Hiné Mizushima, who was born and raised in Japan, majored in Japanese traditional painting before working as a designer and Illustrator in Tokyo. She later moved to Rome, then Paris, and then NYC. Seventeen years ago she left Brooklyn for Vancouver, Canada where she lives with her family. She is currently a fibre craft artist.
She has been commissioned for many commercial music videos for the NYC rock band, They Might Be Giants. Her soft sculptures have been exhibited in galleries in the USA, Australia, and Japan featured in many books and magazines (including UPPERCASE) and commissioned by Adobe Creative Cloud, The New York Times, and CBC Arts. Hiné has also made miniature collages for Japanese book covers. She recently began working in original Kogin (traditional Japanese hand embroidery) and punch needle for illustrations, brooches, and music videos.
She sells her art at gallery exhibitions, and on her Etsy shop.
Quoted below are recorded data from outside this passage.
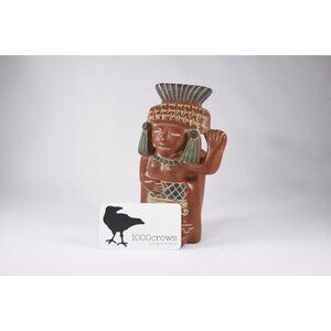 A smaller terracotta figurine of a woman in Inca, Mayan or Aztec style - with a basket to the back to plant a succulent, herbs, or to use as a small flower vase or pen or kitchen utensil holder. In great condition, marked underneath " Mexico"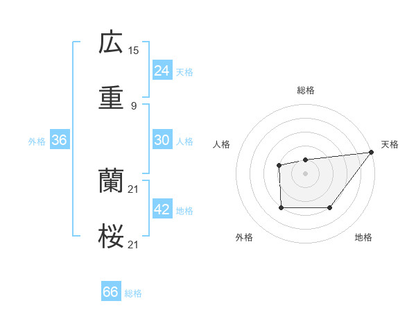 広重 蘭桜さんの天格は24画の5点!
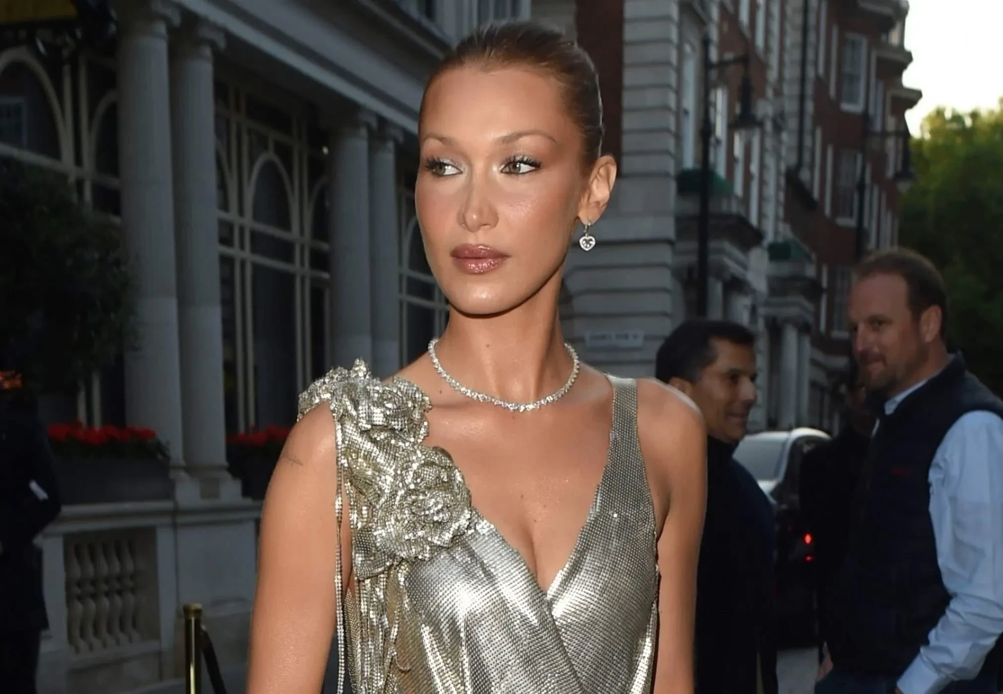 28-летняя Белла Хадид посетила мероприятие своего бренда Orebella в Лондоне в необычном образе — она надела серебристое платье авторства Джона Гальяно, в котором Милла Йовович появилась на каннской премьере фильма “Пятый элемент” в 1997 году.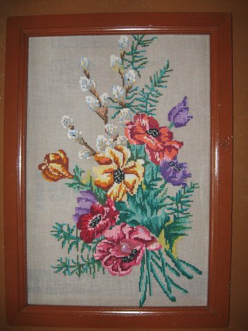 1) Картина вишита крестиком, розмір полотна 40 на 60 см, з рамою 46 на 66 см. Рама дерев"яна, пофарбована і полакована, в одному місці є невеликий брак. Картина під склом. Ціна 360 грн. |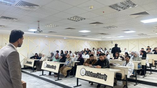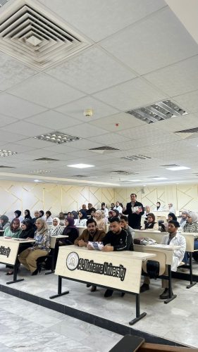(تأثير مرض الثلاسيميا في النظام الصحي)، وذلك صباح يوم الأربعاء الموافق 18/2/2026، على قاعة كلية الصيدلة.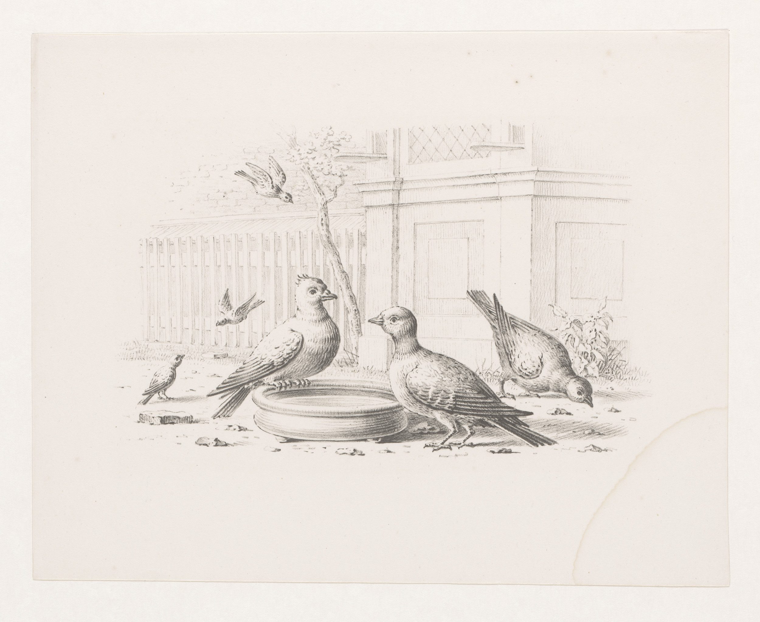 Vogels bij een drinkbak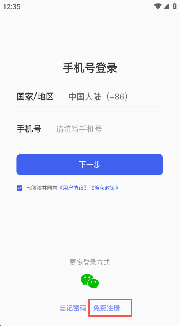 1、打开软件后点击下方的免费注册,输入手机号、验证码,设置密码完成注册。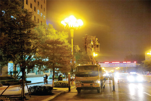 路燈檢修工人穿好工作服,戴上安全帽,登上搶修車的工作臺,對路燈、接線箱、燈桿等照明設施進行了全面細致的檢查、維護、更換。10月26日9時許,記者在我市城區(qū)長征路上看到,市政公司組織工人冒著凜冽的寒風,正在對道路兩旁損壞的路燈進行更換,確保夜幕下城區(qū)的每一盞路燈都能夠正常照明。圖為工人師傅正在長征路上對損壞的路燈進行更換。(張志遠 王菲 攝)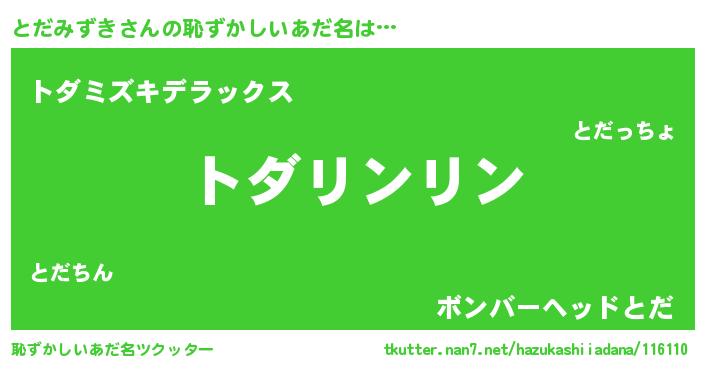 | ヒーロー風カッコイイあだ名 | 『仮面トダダー』『暗黒騎士トダ』 |

Her next solo show will be in the fall of 2023, in Tokyo.
I usually make several pieces at the same time for exhibitions.
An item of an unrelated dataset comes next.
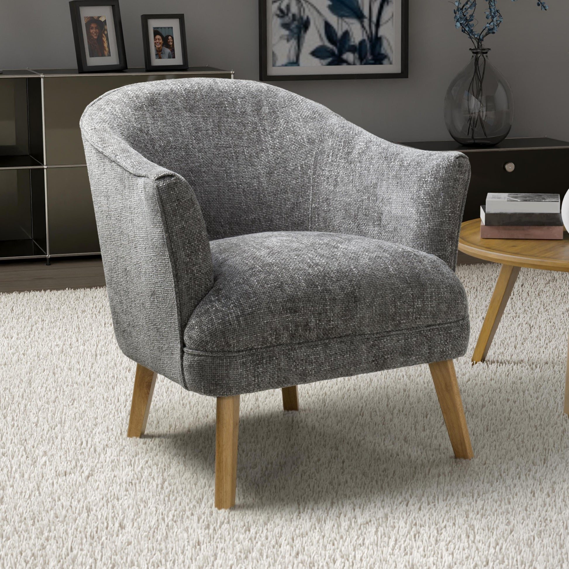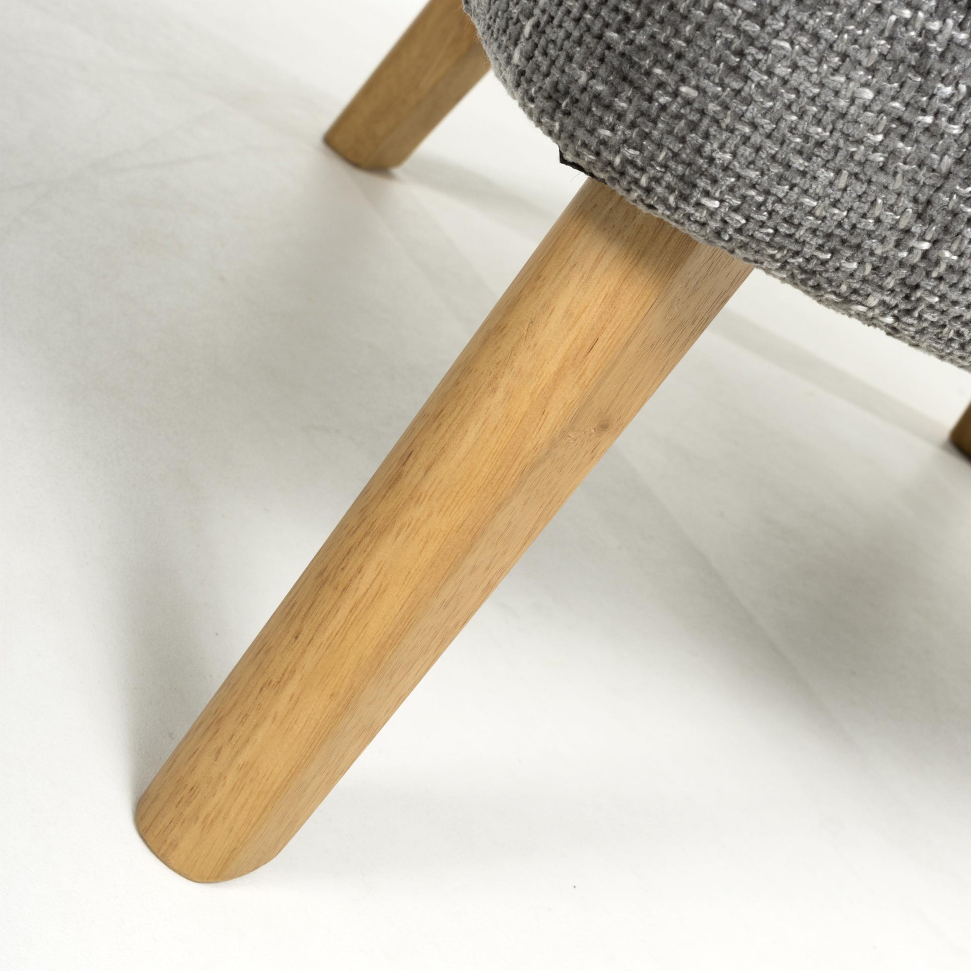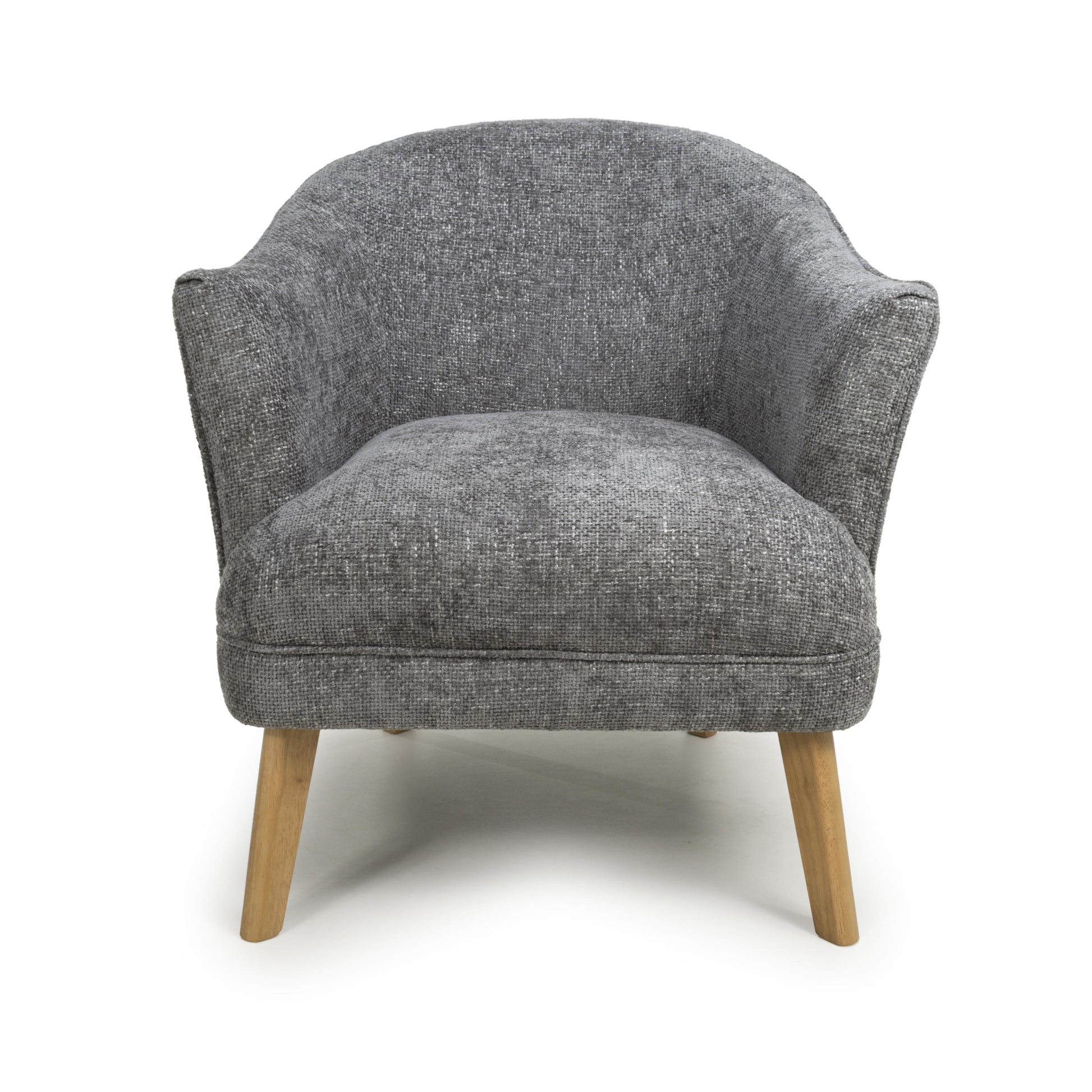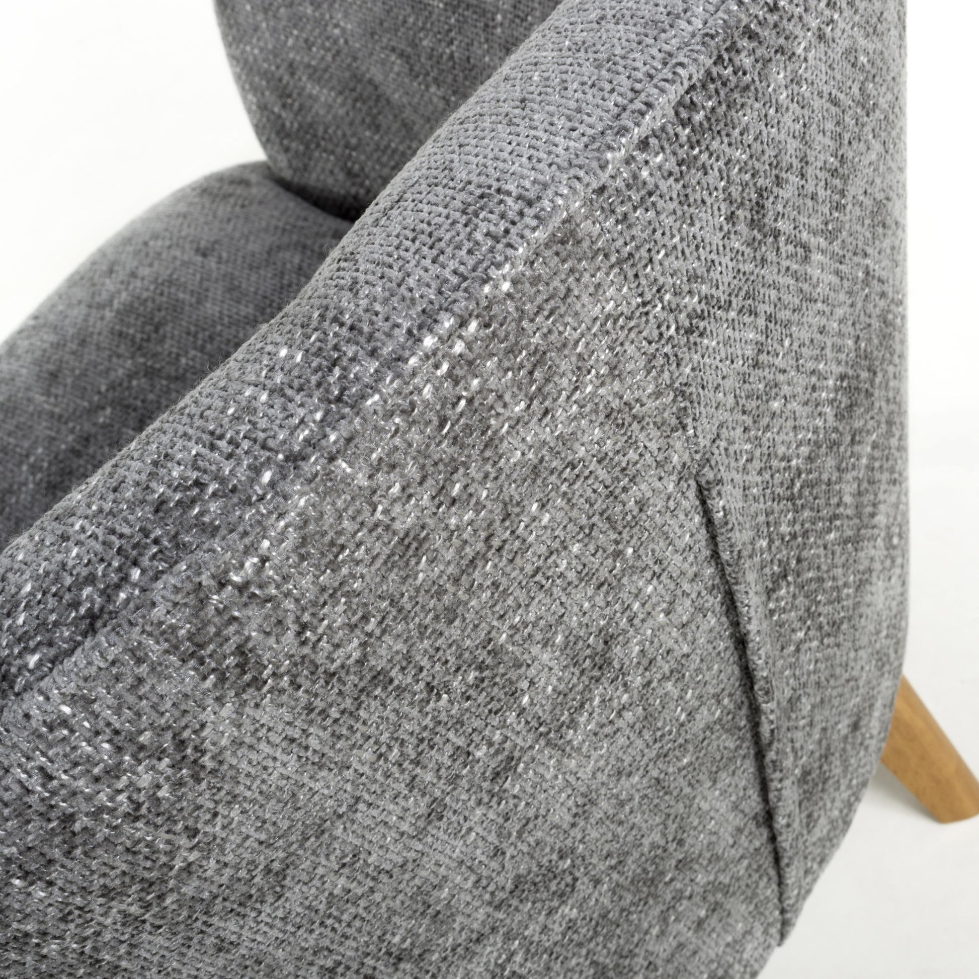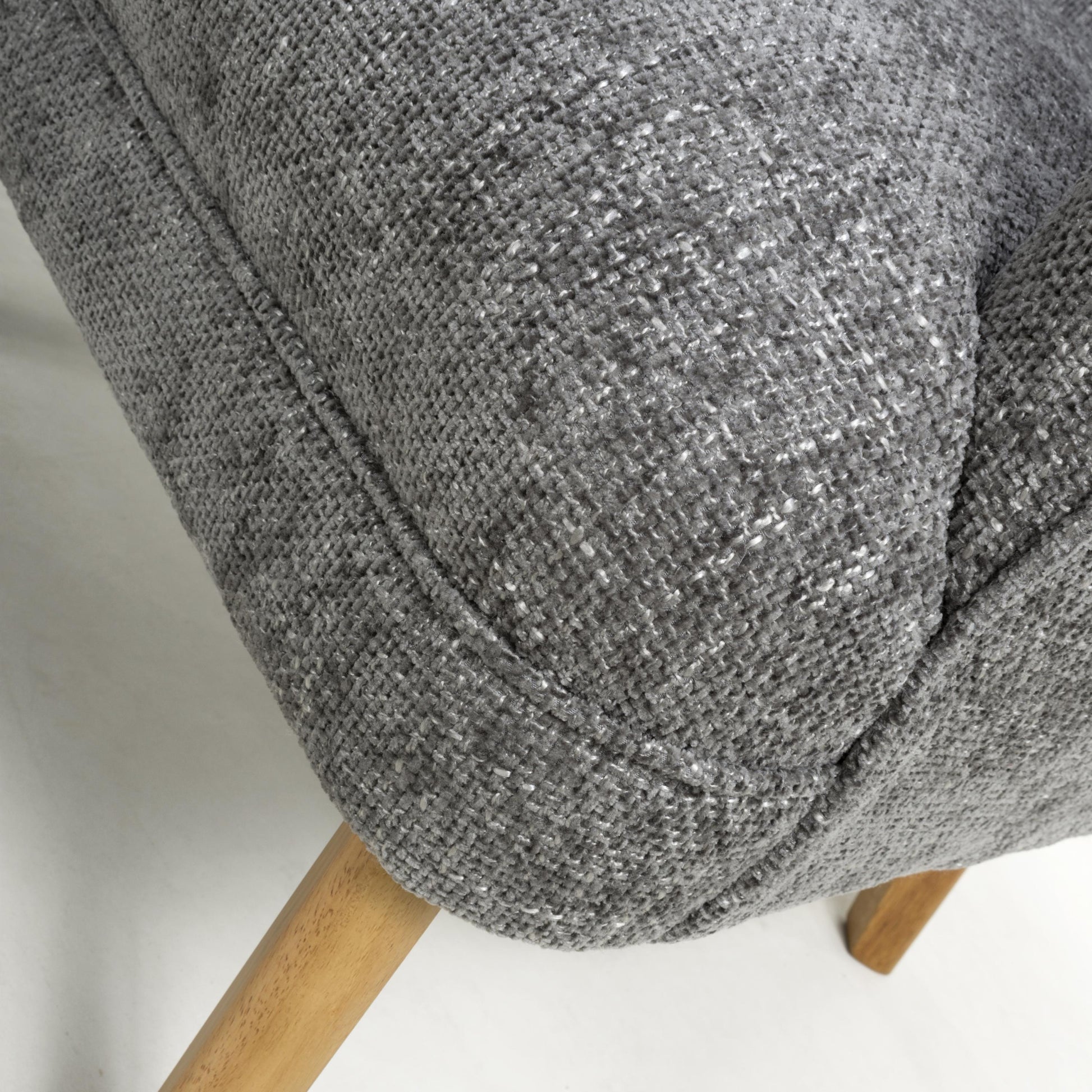 A curved wing armed armchair, upholstered in soft, tactile grey flax effect fabric. The gentle curves and sloped back combine with ample plush padded cushioning for the ultimate in comfort. Completed by sturdy natural rubberwood legs. Leg assembly required.

After I decide the theme, I draw a very simple rough sketch and don’t decide on the details before I start the soft sculpture.
Colour combinations are important and help orient me in the early stages of creating a piece. I also love to incorporate many different materials into my work, such as felt, yarn, wool fibre, beads, trim, wood, etc.
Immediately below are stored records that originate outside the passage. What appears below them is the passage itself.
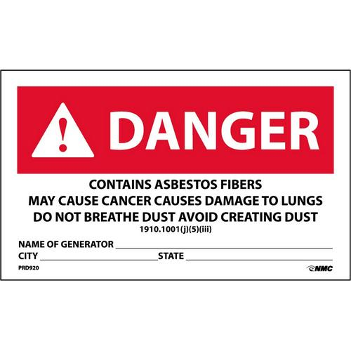 NMC, PRD920, 3" x 5" "Danger Causes Damage To Lungs Do Not Breathe" Ps Paper Label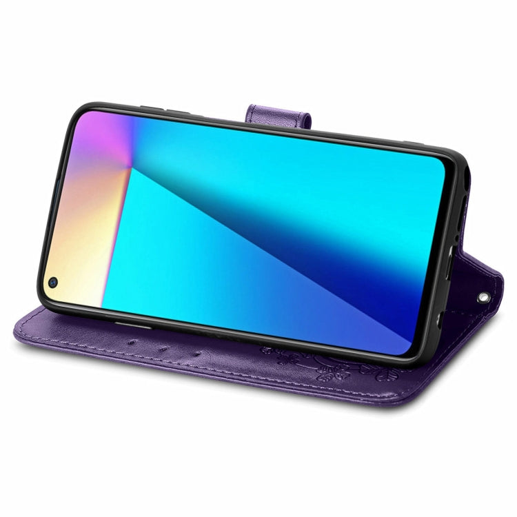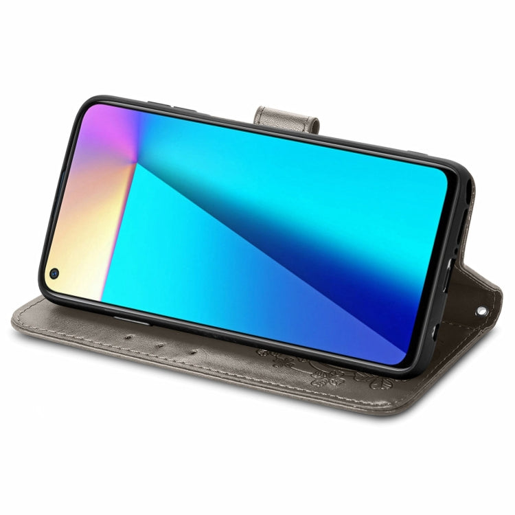 For Infinix Note 7 Four-leaf Clasp Embossed Buckle Mobile Phone Protection Leather Case with Lanyard & Card Slot & Wallet & Bracket Function
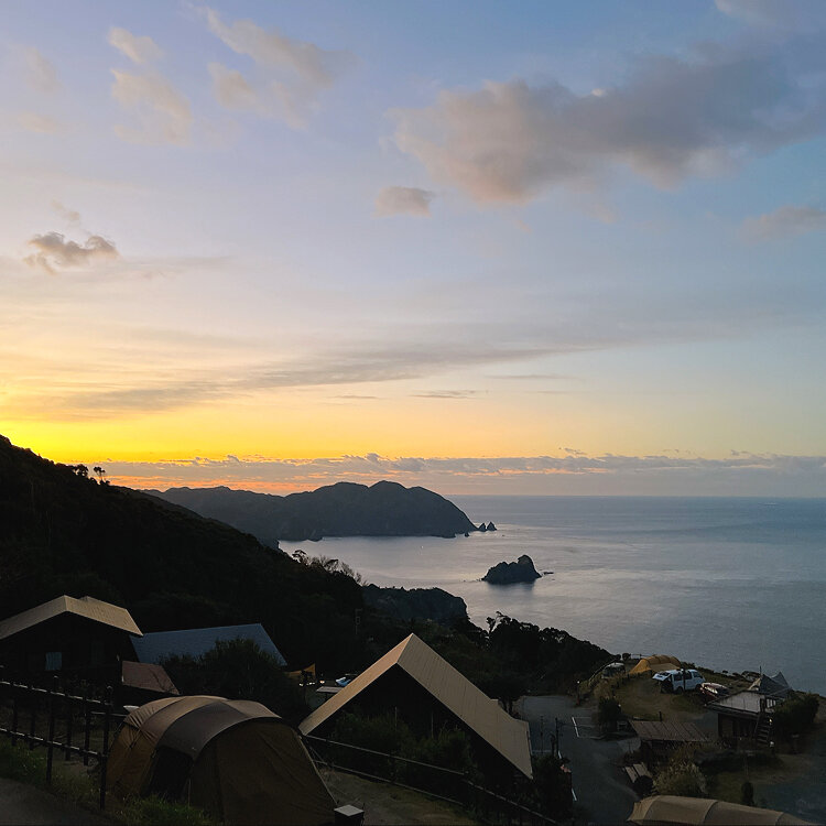 夕日ヶ丘キャンプ場。その名の通り、海に沈む夕日が見えるキャンプ場です🌅

In the first process, I make the main part (e.g. octopus, squid, anatomical heart, etc), for each piece, then I make the sub parts (little creatures, plants) separately, and then temporary assemble these with sewing pins, before letting it ‘sleep' for a while (it is about 60% complete at this point). Then I start a second piece, and repeat, and third...
In the second process, I start adding more details to each piece, like embroidery, beads, interesting materials, etc. Some very good ideas and details always come out automatically while I am hand-sewing and assembling, especially at the very end of the process, which often takes me beyond my original idea. Then again I let it ‘sleep’ for a while (it is about 90% complete at this point)
In the third process, finally, I carefully watch the balance of each piece and the pose of the creature, assemble all the parts together with glue and thread. No room for mistakes!